Number of carriers = $0.42 \times 10000 = 4200$ . [2]

14.
(a) The proportion of individuals with a specific genotype who express the associated phenotype. [1]
(b) Other genes (modifier genes) may affect limb development [1]. Environmental factors like temperature or nutrient availability during embryonic development may influence expression [1]. [2]

15.
(a) Female $X^r X^r$ x Male $X^R Y$ .
Daughters: $X^R X^r$ (Red eyes).

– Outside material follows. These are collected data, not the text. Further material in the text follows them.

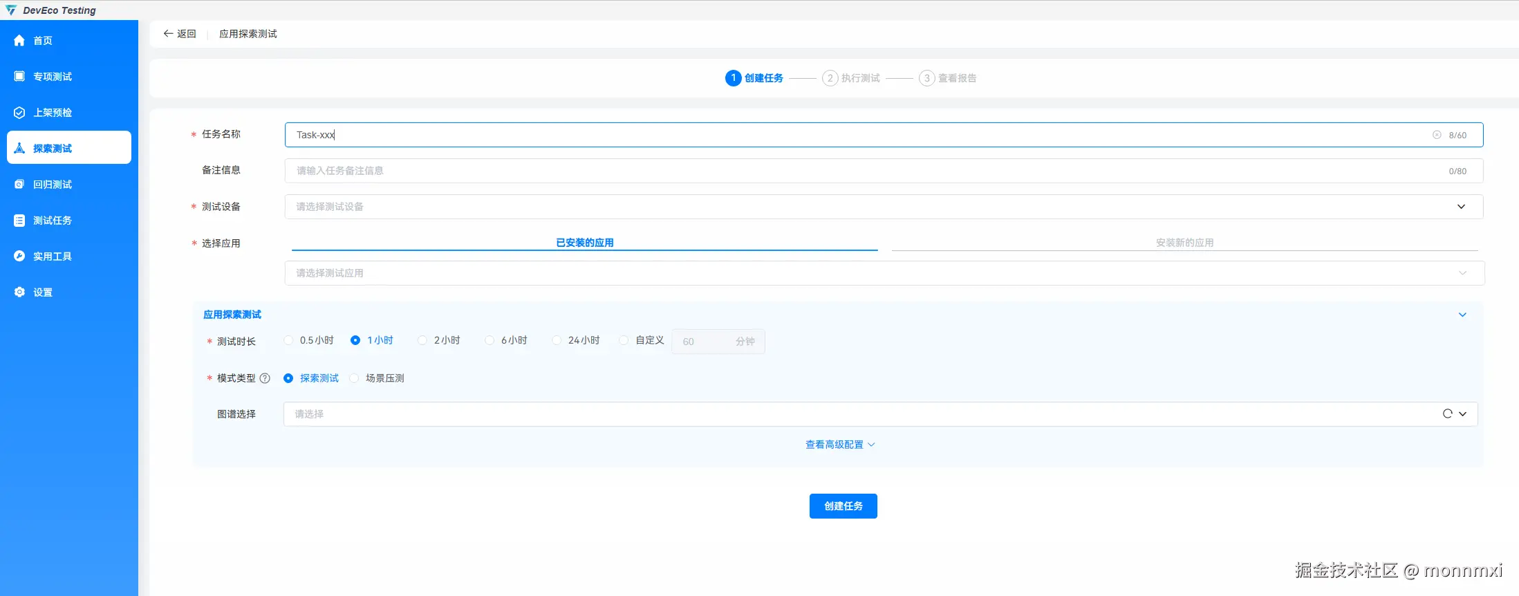 想要实现探索测试功能,只需要连接开发者模式的鸿蒙系统手机,开启USB调试后,在探索测试-应用探索测试对某个APP启动测试即可。
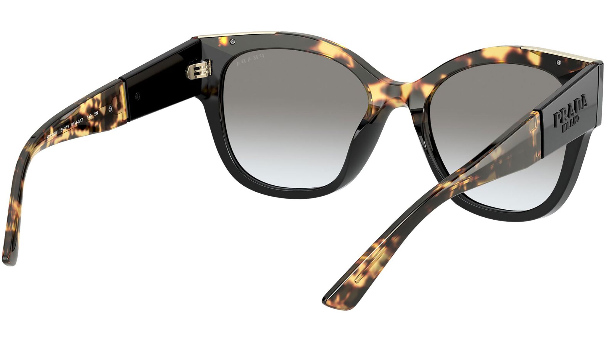 Prada sunglasses model PR02WS, black and medium havana frame variant, color code 01M0A7 with grey gradient lens. Prada represents the best of Italian culture and tradition. It is one of the most innovative, prestigious and widely recognized brands in the fashion and luxury goods industries, with a keen attention to details and new trends.
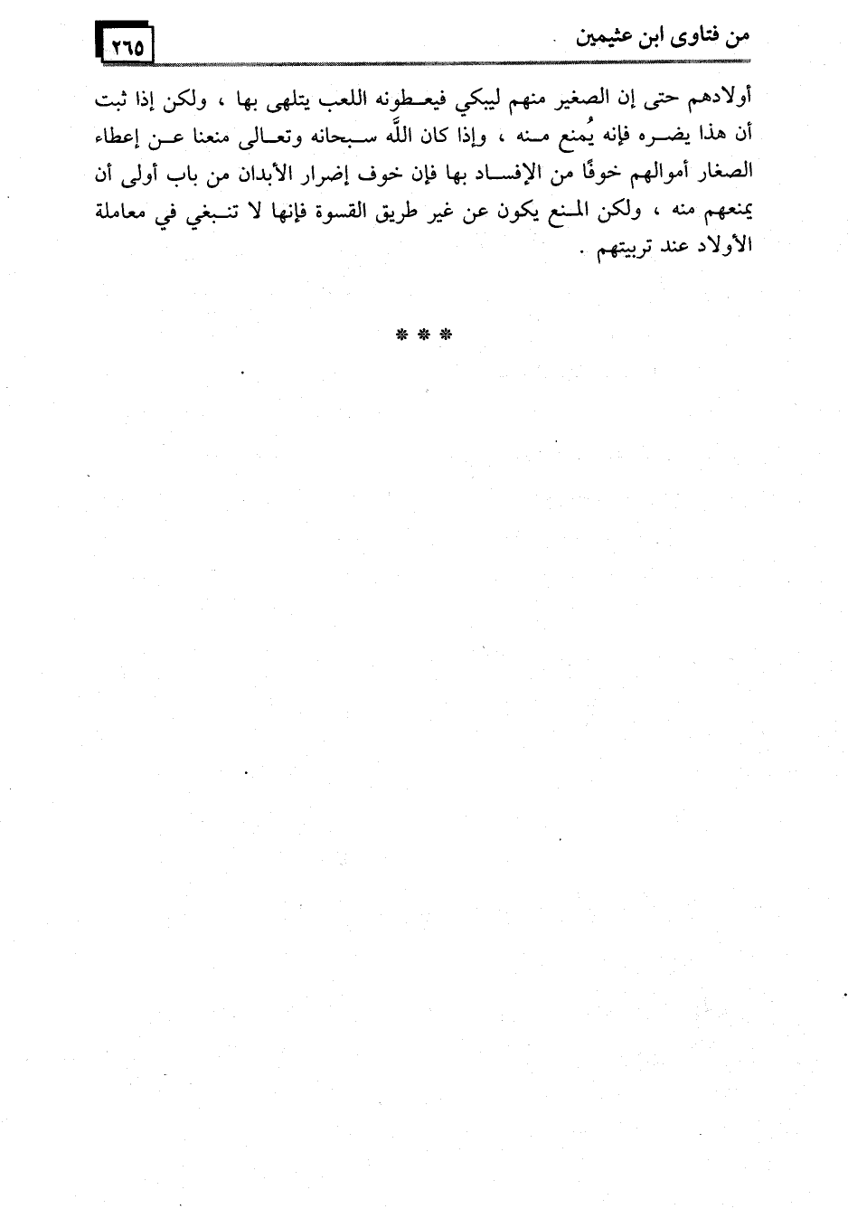 أولادهم حتى إن الصغير منهم ليبكي فيعطونه اللعب يتلهى بها، ولكن إذا ثبت أن هذا يضره فإنه يُمنع منه، وإذا كان الله سبحانه وتعالى منعنا عن إعطاء الصغار أموالهم خوفًا من الإفساد بها فإن خوف إضرار الأبدان من باب أولى أن يمنعهم منه، ولكن المنع يكون عن غير طريق القسوة فإنها لا تنبغي في معاملة الأولاد عند تربيتهم.
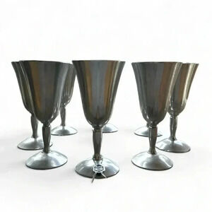 Plator Silverstone Metal Goblets Stemware VINTAGE Made in Spain Set of 8. Dimensions: 2 3/4" Round x 5 1/2" Tall
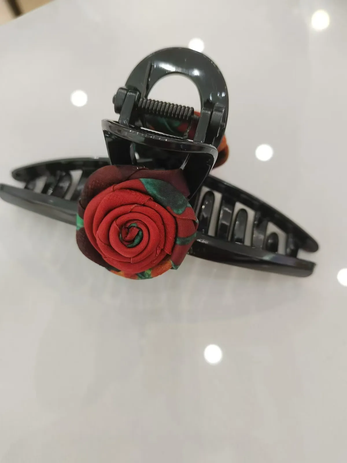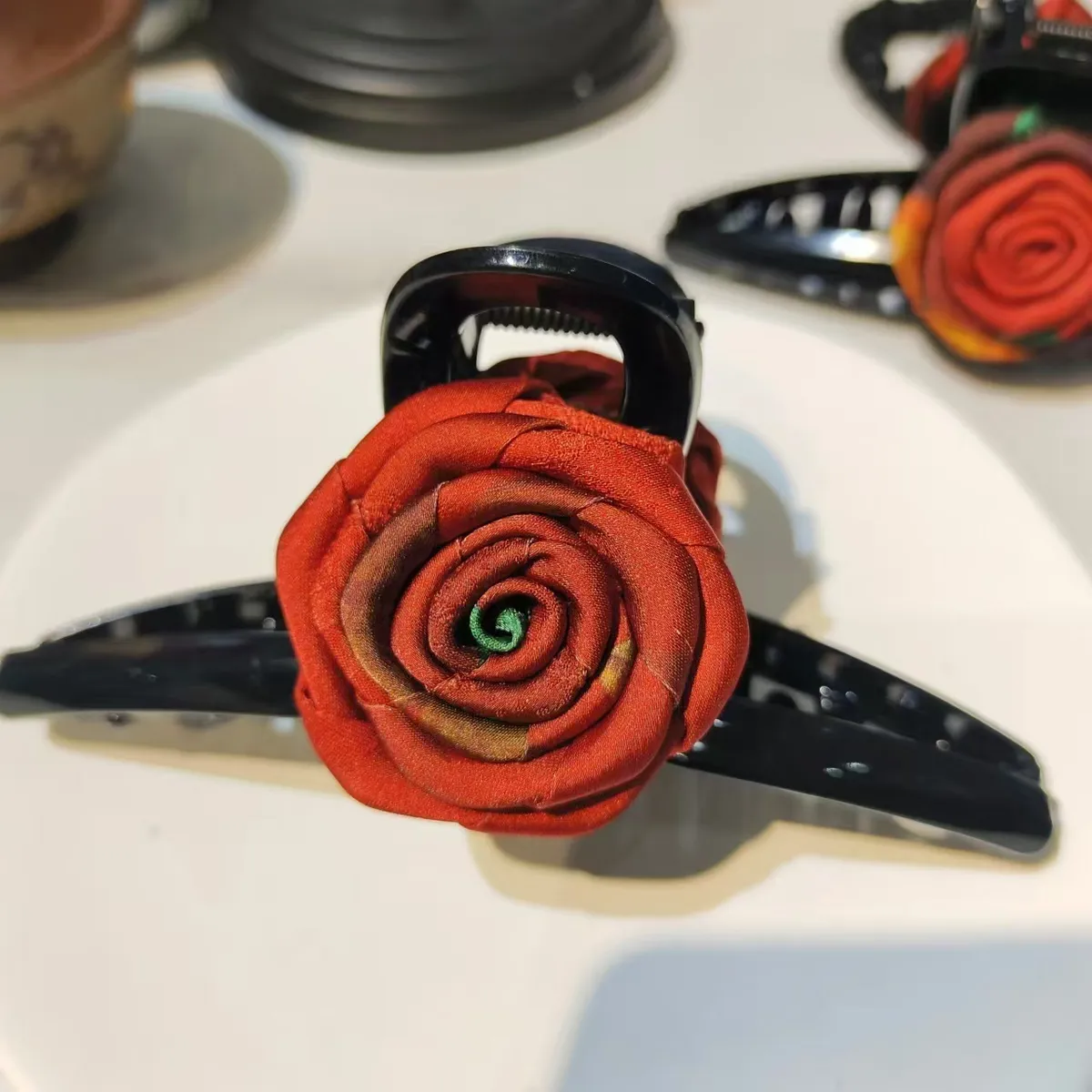 衣都精品- 新款輕奢爆款香雲紗手工玫瑰大抓夾髮飾
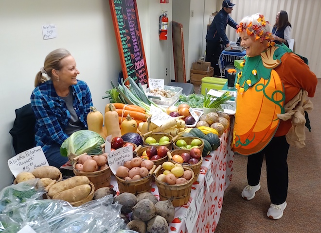 Burlington Standard Press, Nov. 6 – Vendor Kathy Hoffman (left) talks with Burlington Farmers Market Manager Carol Reed during a recent indoor market at the library. (Jason Arndt photo)
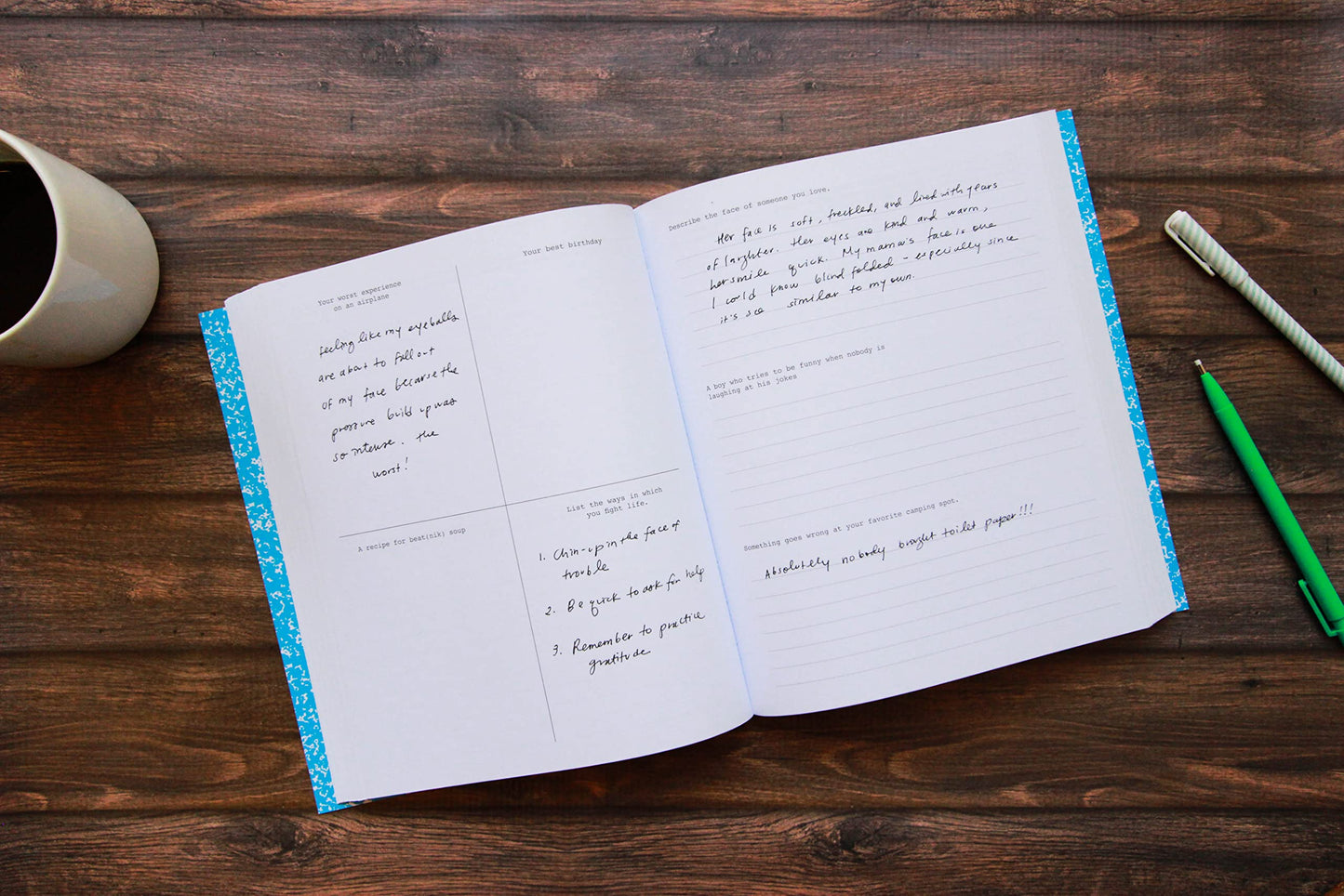 A collection of 642 outrageous and witty writing prompts: Banish writer's block with 642 Things to Write, a fun and playful journal that invites inspiration with plenty of space to write it all down. Brimming with entertaining exercises, this writing prompt journal is sure to get the creative juices flowing.
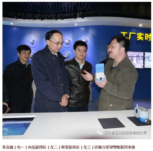 参观时,伍司长详细询问了三川四十年的发展历程,对三川与时俱进,积极响应时代智慧发展方向的先进理念表示肯定,伍司长说:三川智慧水表智能化的研发水平是具有国际领先地位的,新型智慧城市的发展,带动了企业相关产业链的配套发展,三川智慧率先开展窄带物联网水表的研发,将给当地的智慧产业发展起到巨大助力推进作用,必将打造成鹰潭的新型智能化亮点企业。最后,伍浩副司长希望企业能继续加快创新步伐,为社会发展做出更多贡献,国家发改委将持续关注和支持三川智慧的发展。
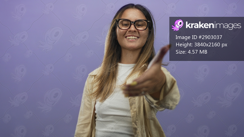 Woman reaching out hand to camera smiling and wearing glasses and light shirt in studio with purple backdrop; warmth invitation.
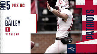 El segundo punter elegido en el draft y lo más sorprendente, no es zurdo. Es diestro. El plan con Bojorquez el año pasado de hacerle pasar un año practice squad y tener a Ryan Allen para en algún momento cambiarlo se truncó cuando Buffalo selecciono a Bojorquez tras los cortes de verano a los 53. Pero este año parece que Bill va en serio. Así que riesgo para Ryan Allen. Y confirmación que New England ve la quinta ronda para casos excepcionales y equipos especiales. Elegimos un long snapper en quinta hace unos años.
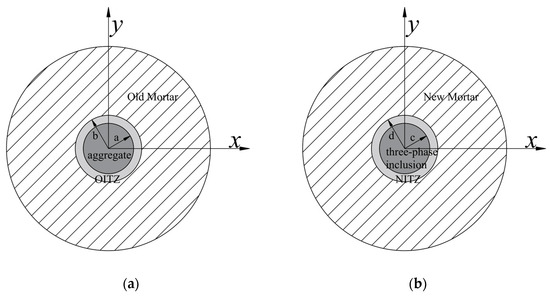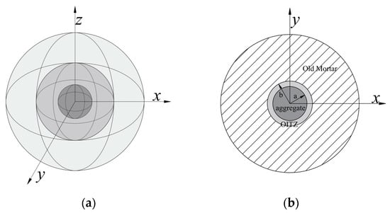 ITZ is an indispensable part of the research on the mechanical properties of concrete, but its volume proportion is extremely small. If ITZ and the aggregates are regarded as matrix and inclusions, the prerequisite condition that the inclusion content envisioned by the inclusion theory is much smaller than that of the matrix itself will be destroyed. Therefore, these problems cannot be solved through the “Dilution method” anymore. When the observation is not limited to a simple combination of aggregates and ITZ, it is found that mortar as a large matrix envelops both. By referring to Christensen’s three-phase sphere model [21], this research combines OM, OITZ, and aggregate in the form of three-phase composites. It is assumed that the three-phase sphere does not interact with other parts of the matrix, as shown in Figure 3a, the mortar serves as the peripheral effective medium, the ITZ serves as the matrix as a uniform spherical shell, and the aggregate is considered as a spherical inclusion. All of them are isotropic homogeneous materials. To align with RC, we chose to do theoretical calculations using a two-dimensional model as shown in Figure 3b.
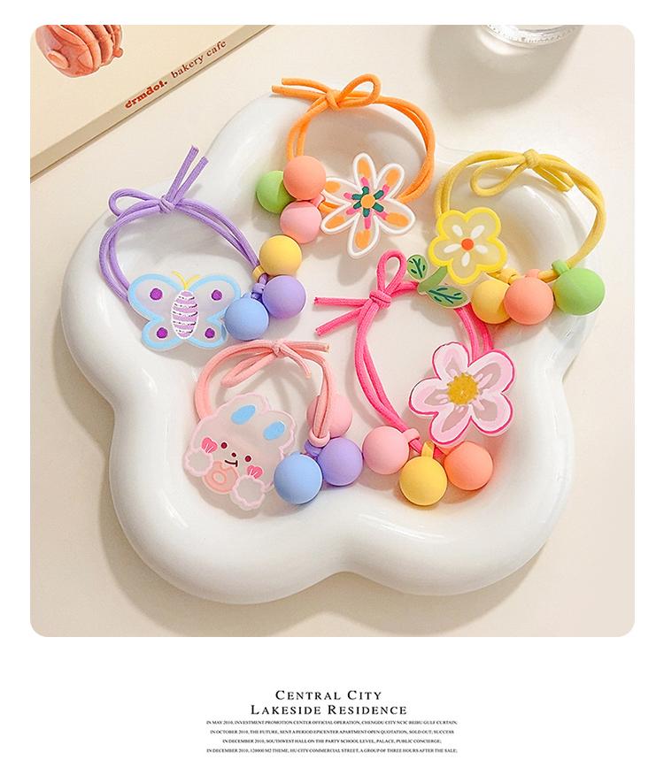 Cuerda para el pelo con dibujos animados para niñas, bonita banda de goma elástica con diseño de flores de dibujos animados, accesorios para el cabello de verano

Sons: $X^r Y$ (White eyes).
Phenotypes: All females red-eyed, all males white-eyed. [2]
(b) F1 Female $X^R X^r$ x F1 Male $X^r Y$ .
Offspring:
$X^R X^r$ (Red Female)
$X^r X^r$ (White Female)
$X^R Y$ (Red Male)
$X^r Y$ (White Male)
Ratio: 1 Red Female : 1 White Female : 1 Red Male : 1 White Male. [2]

16.
(a) Enzyme activity increases with temperature up to an optimum (35°C) [1], then decreases rapidly/denatures at higher temperatures [1]. [2]
(b) The enzyme is temperature-sensitive [1]. Extremities (ears, nose, feet) are cooler than the body core [1]. At lower temperatures, the enzyme is active and produces melanin (black fur) [1]. At higher body core temperatures, the enzyme is inactive/denatured, so no melanin is produced (white fur) [1]. [3]

17.
(a) Different mutations may affect the protein structure/function to different extents [1]. Some may prevent protein folding, others may reduce channel conductivity, others may prevent trafficking to the membrane [1]. This leads to varying residual function and symptom severity [1]. [3]
(b) Method: Use of a viral vector (e.g., adenovirus) to deliver the gene via inhalation/aerosol [1].
Ethical concern: Risk of immune response to the vector [1] or insertional mutagenesis (activating oncogenes) [1]. Discussion of long-term safety vs immediate benefit [1]. [4]

18.
(a) Recessive epistasis [1].
(b)
Cross $AaBb \times AaBb$ .
9 $A-B-$ (Purple)
3 $A-bb$ (Red)
3 $aaB-$ (White)
1 $aabb$ (White)
Phenotypes:
Purple: 9
Red: 3
White: $3+1=4$
Ratio: 9 Purple : 3 Red : 4 White. [4]

19.
(a) Mitochondria in the zygote come from the cytoplasm of the egg cell [1]. Sperm mitochondria are generally degraded or do not enter the egg [1]. [2]
(b) Probability is 100% (or 1) for all children [1]. Because the mother passes her mitochondria to all offspring [1]. Mitochondrial diseases are maternally inherited [1]. [3]

20.
Advantages:

Short generation time allows study of many generations quickly [1].
Large number of offspring provides statistically significant data [1].
Easier to control environmental variables (diet, temperature) than in humans [1].
Ethical: Fewer ethical restrictions on breeding and genetic manipulation compared to humans [1].
Many genes are conserved (homologous) between model organisms and humans, allowing insights into human disease [1].

Disadvantages:

Differences in physiology/metabolism may limit direct application to humans [1].
Complex human traits (e.g., behaviour, cognition) may not be fully modelled in simple organisms [1].

Quality of Explanation:

Clear structure comparing advantages and disadvantages.
Specific examples (e.g., Drosophila eye colour vs human genetic disease).
Balanced argument.
[6]
(Marking: 1 mark per valid point, up to 6. Must include at least one advantage and one disadvantage.)